TRAILS Deliverable 3.1 - Learning Objects in the Form of Code (30/9/2004)
Learning objects in the form of computer code raise unique questions, particularly issues relating to their re-use by second parties who did not originally author the code. A three-layered, learning objective-based design approach is described, with the aim to produce learning objects with rich pedagogical content that can be easily re-used. The potential of increasing the re-usability of learning objects through the deployment of large scale LO repositories is discussed, taking advances in modern distributed computing platforms (web services, peer-to-peer and Grid technologies) into consideration as possible platforms to support such LO repositories. Re-use in the three different arenas of formal education, business and a research-based virtual organisation is discussed, including some possible solutions to the difficulties of re-use, both cultural and technical, that arise in these fields.

TRAILS Deliverable 3.2 - Case Studies of Learning Objects in the Form of Code (31/12/2004)
In this document presents a case study of trails in the field of image and signal processing, with the learning at issue being that of PhD students, post-doctoral research workers, and similar researchers. Image and signal processing programs have been packaged into coherent groups. Learning trails give structure to an otherwise daunting array of program packages. The information provided is to help users navigate and make sense of the packages, and the many program options available. In the vocabulary of our taxonomy of Trails the work of this deliverable is an authored LO trail.

TRAILS Deliverable 4.1 - Personalised Trails and Learner Profiling within e-Learning Environments (31/12/2004)
This deliverable focuses on personalisation and personalised trails. We begin by introducing and defining the concepts of personalisation and personalised trails. Personalisation requires that a user profile be stored, and so we assess currently available standard profile schemas and discuss the requirements for a profile to support personalised learning. We then review techniques for providing personalisation and some systems that implement these techniques, and discuss some of the issues around evaluating personalisation systems. We look especially at the use of learning and cognitive styles to support personalised learning, and also consider personalisation in the field of mobile learning, which has a slightly different take on the subject, and in commercially available systems, where personalisation support is found to currently be only at quite a low level. We conclude with a summary of the lessons to be learned from our review of personalisation and personalised trails.

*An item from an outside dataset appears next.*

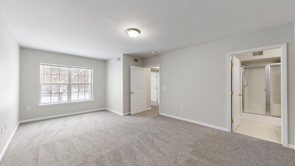 Available immediately! Ground level 3-BR,2-full bathroom ranch style end unit condo that has just been freshly painted,new carpet/padding,and new granite countertops,sinks and faucets. Contemporary open floor plan,nice sized living and dining spaces leading to a screened-in porch backing up to a tree line. Huge primary bedroom,20 x 13,with full-bath,windows on 2 sides and great outside views. 2nd and 3rd bedrooms are good sized an additional full bathroom in the hallway. The location of the home is convenient to public transportation,UM Medical Campus,North Campus,Central Campus,Toyota,Google,Domino's Farms,grocery/restaurants,retail shopping,downtown Ann Arbor and more! 1 Car detached garage with additional free parking spaces for a second car and visitors. Application fee is $40 per adult.

TRAILS Deliverable 4.2 - Collaborative trails in e-Learning environments (31/12/2004)
This deliverable focuses on collaboration within groups of learners, and hence collaborative trails. We begin by reviewing the theoretical background to collaborative learning and looking at the kinds of support that computers can give to groups of learners working collaboratively, and then look more deeply at some of the issues in designing environments to support collaborative learning trails and at tools and techniques, including collaborative filtering, that can be used for analysing collaborative trails. We then review the state-of-the-art in supporting collaborative learning in three different areas – experimental academic systems, systems using mobile technology (which are also generally academic), and commercially available systems. The final part of the deliverable presents three scenarios that show where technology that supports groups working collaboratively and producing collaborative trails may be heading in the near future.